A school surveys students from three grades about their favorite subject. Results:
Grade 9: Math(40), Science(30), English(30) Grade 10: Math(35), Science(35), English(30) Grade 11: Math(25), Science(45), English(30)
Test if the distribution of favorite subject is the same across grades at α = 0.05.
H₀: Distribution of favorite subject is the same across grades Hₐ: Distribution differs by grade
Step 1: Set up table Math | Science | English | Total Grade 9 40 | 30 | 30 | 100 Grade 10 35 | 35 | 30 | 100 Grade 11 25 | 45 | 30 | 100 Total 100 | 110 | 90 | 300
Step 2: Calculate expected counts E = (row total × column total) / grand total
For each cell: Grade 9 & Math: (100×100)/300 = 33.33 Grade 9 & Science: (100×110)/300 = 36.67 Grade 9 & English: (100×90)/300 = 30 [Continue for all cells...]

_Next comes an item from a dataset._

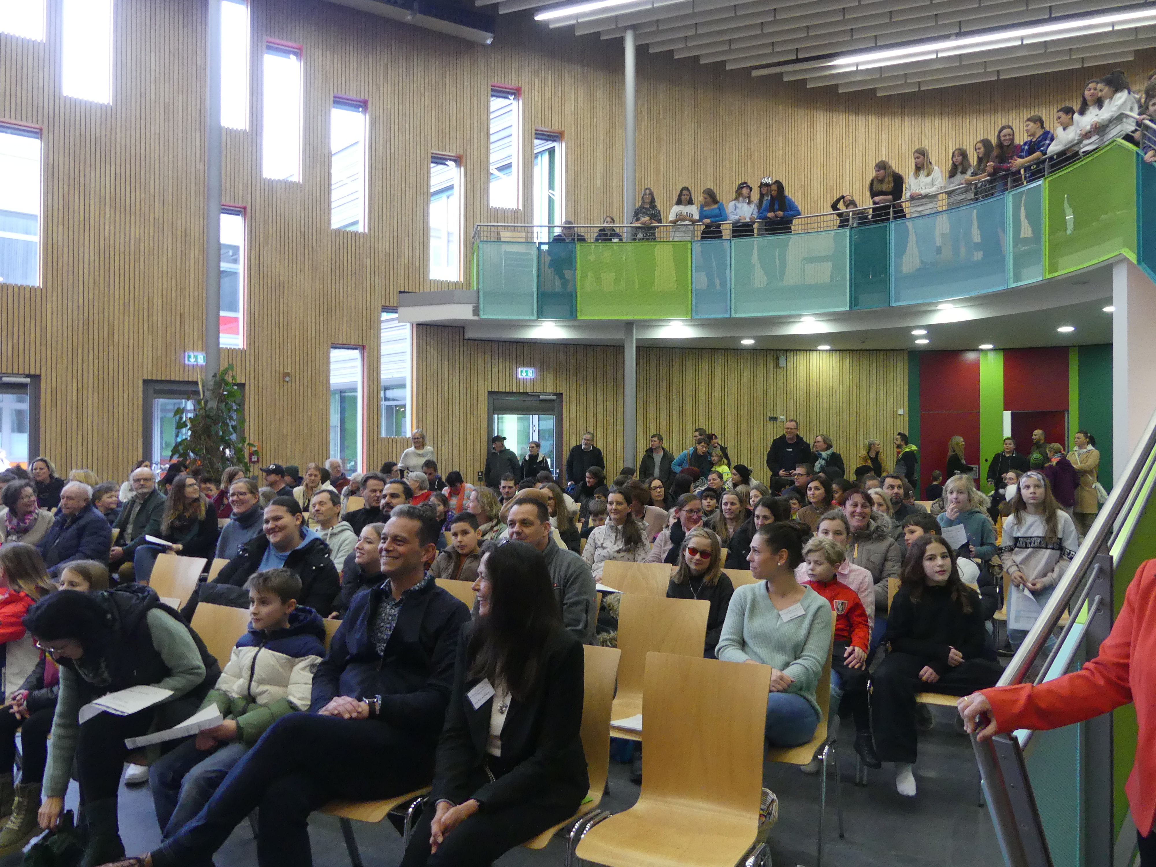Nach dem Auftakt gab es im ganzen Schulhaus viele spannende Aktivitäten zu entdecken. Die Schüler*innen konnten sich bei Workshops in den Bereichen Robotik, Naturwissenschaften austoben und ihrer Kreativität beim Nagel Design, Kinderschminken und bei farbenfrohen Kunstangeboten freien Lauf lassen. Der Schulhund Blue begeisterte die Besucher mit interaktiven Tricks und in der offenen Sporthalle konnte man selbst aktiv werden.

Step 3: Calculate χ² χ² = (40-33.33)²/33.33 + (30-36.67)²/36.67 + ... (all 9 cells) χ² ≈ 1.33 + 1.21 + 0 + 0.09 + 0.08 + 0 + 2.08 + 1.89 + 0 χ² ≈ 6.68
df = (3-1)(3-1) = 4
P-value: P(χ² > 6.68) ≈ 0.154
Decision: Fail to reject H₀
Conclusion: There is insufficient evidence that the distribution of favorite subject differs across grades.